Thanking Ansari for braving snow and bad weather to attend the funeral, Mr Karzai said that this reflected the “all weather” nature of India-Afghanistan relations. He stressed that whatever the outcome of the forthcoming elections and the orientation of the new leadership, friendship with India would remain a “top priority” for any new government of Afghanistan.
Ansari, on his part, conveyed that the friendship between the people of India and Afghanistan existed much before the friendship between governments and underlined an across-the-board consensus about the continuance of good relations with Afghanistan. He stressed that India’s strong bonds of friendship with Afghanistan were a “matter of conviction, not convenience.”
India is closely watching the evolving situation in the run-up to the Afghan elections in a crucial transition year when foreign combat troops will leave Afghanistan and hand over the security of that country to the Afghan National Security Force. India has huge stakes in peace and stability of Afghanistan in the transformational decade and beyond.

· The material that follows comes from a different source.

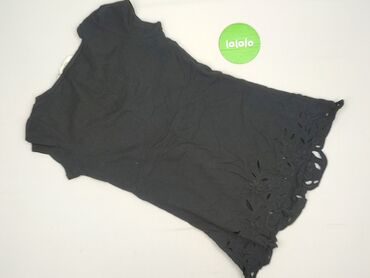 Bluzka damska w kolorze czarnym, wykonana z dzianiny o luźnym splocie, zapewniającym przewiewność. Charakteryzuje się krótkimi rękawami i asymetrycznym dołem z koronkowym wzorem. Delikatne wykończe...

Amid apprehensions of a Taliban takeover of Afghanistan, New Delhi will have to ensure at all costs that its multifarious reconstruction projects that have spawned such a huge reservoir of goodwill for India and Indians in Afghanistan are not adversely impacted due to sinister designs of extremists and terrorists. India has pledged over $2 billion for the reconstruction of Afghanistan and thousands of Indians have risked their lives in building the Afghan parliament, roads, dams, erecting power transmission lines, digging tubewells and running sanitation projects.
India has projected Afghanistan as “a narrative of opportunity,” and the hub of a new silk route spawning prosperity and integration in the region. India and the world community has critical stakes in ensuring that this narrative of hope and resurgence must triumph over the dark forces of terror and medievalism in Afghanistan in 2014 and beyond.